While throughput capacity improvements have played an important role in recent orders, broader macro factors are also contributing to growing commercial success. The industry has seen the emergence of new foundries investing at the leading edge and these foundries need technology that can enable efficient yield ramps given a lack of internal capabilities and expertise. The growth of new foundry players also feeds into a broader nearshoring theme within the semiconductor industry post-COVID. Governments across the globe are subsidizing domestic fabs as the combination of COVID supply chain disruptions and more acute Chinese pressure on Taiwan both highlighted the economic dependence and geopolitical risk associated with the supply of semiconductor chips. Investments at the leading edge by new foundries should provide long-term tailwinds for PDF’s DFI tool (as well as Exensio).
Embedded within the emergence of new players investing at the leading edge is the question of whether optical inspection has reached its limit at the most advanced nodes.
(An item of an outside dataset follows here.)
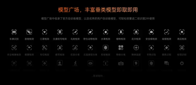 内置模型全面升级:在保留人脸识别、物体识别等经典功能基础上,新增手掌关键点识别、车牌识别、实例分割等实用模型,总计预置20余种AI模型,开机即用无需配置

Today, eBeam is only used as a product development tool. Effectively, eBeam has tremendous sensitivity to measure defects, but is very slow. At some point in product development, the trade-off between sensitivity and speed reaches an inflection point where yields are sufficient that an optical inspection tool can be used to measure ongoing defects. Today, the eBeam inspection market is estimated to be ~$700mm while optical inspection is ~$3.5B given that it handles significantly higher volumes as part of the production process. It is unclear whether the adoption of PDF’s DFI tool by multiple industry players is purely related to product development ramps or represents the potential for the tool to be used further downstream in production. Faster throughput and the multiple orders from the first third-gen customer suggest that this technology may have reached an inflection point where eBeam can take a greater share of inspection revenue. At a minimum, DFI appears to have reached a point where foundries will utilize the tool for product ramps at advanced nodes. While eBeam technology is somewhat unproven, other leading players are investing in competing products, signaling a need for technology that can supplement and/or replace optical inspection at the leading edge. ASML made a significant investment in eBeam technology when it acquired Hermes Microvision (“HMI”) in 2016 for €2.8B. Interestingly, one of HMI’s leading customers at the time was rumored to be Intel. The quote below from ASML in 2022 does a great job of laying out the need for eBeam as well as the growing need for software in the manufacturing process.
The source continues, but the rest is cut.